HOW TO COMPLETE THIS TASK: Please transcribe the listing below in full and word for word, without its pictures.

AVAILABLE DATA:
═══

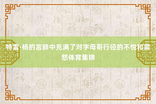 特雷·杨的言辞中充满了对字母哥行径的不悦和震怒体育集锦
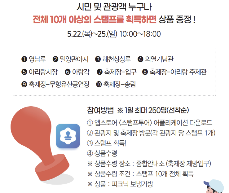 이번 밀양아리랑대축제에서는 스탬프투어가 가능합니다.
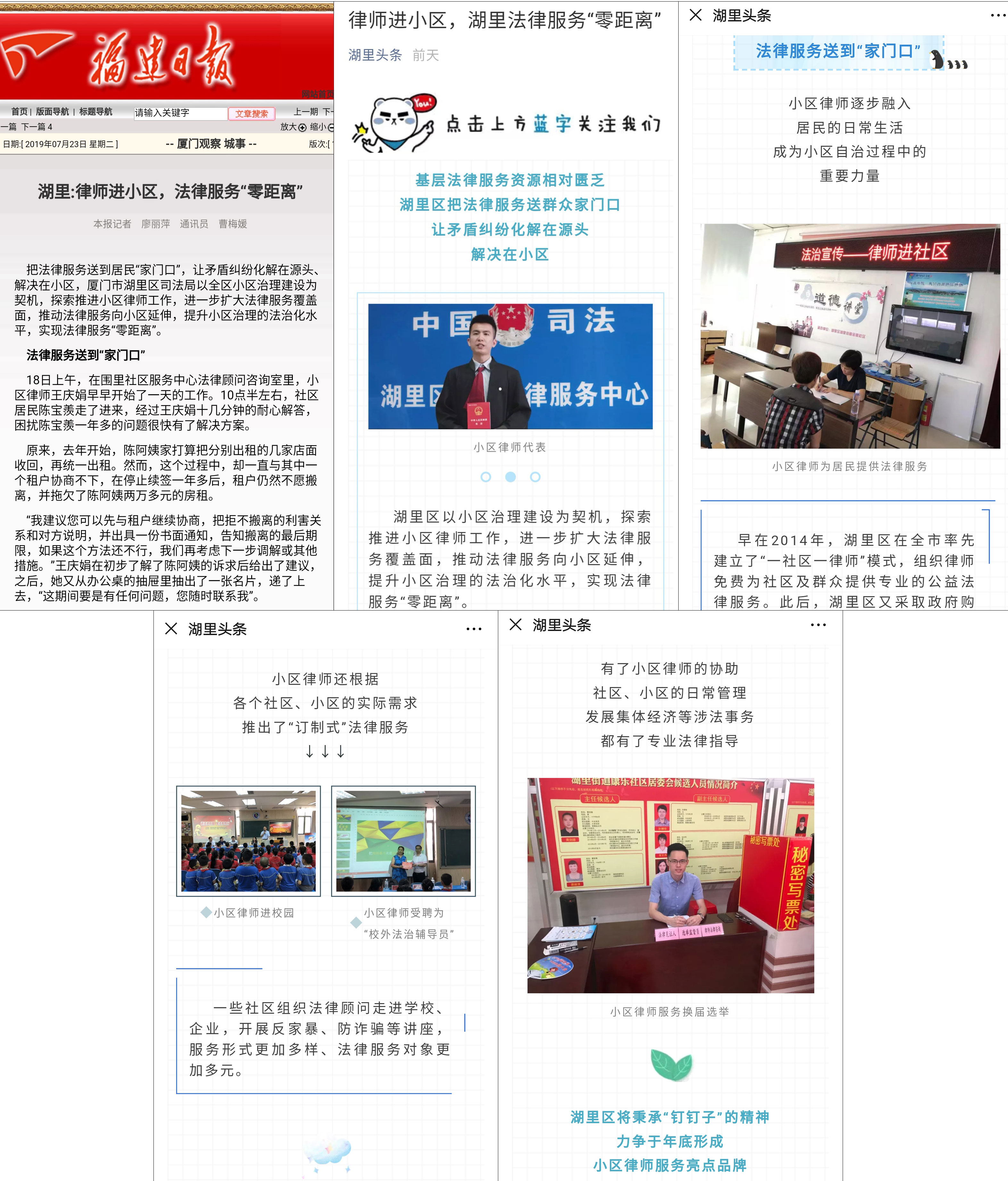 2019年,律师进小区的政策落地生根,选取了15个小区,重点推广六类特色小区律师法律服务,并计划今年在全区396个小区实现小区律师全覆盖,力争于年底形成“湖里模式”的小区律师服务亮点品牌。

═══

FINAL ANSWER:
 特雷·杨的言辞中充满了对字母哥行径的不悦和震怒体育集锦
 이번 밀양아리랑대축제에서는 스탬프투어가 가능합니다.
 2019年,律师进小区的政策落地生根,选取了15个小区,重点推广六类特色小区律师法律服务,并计划今年在全区396个小区实现小区律师全覆盖,力争于年底形成“湖里模式”的小区律师服务亮点品牌。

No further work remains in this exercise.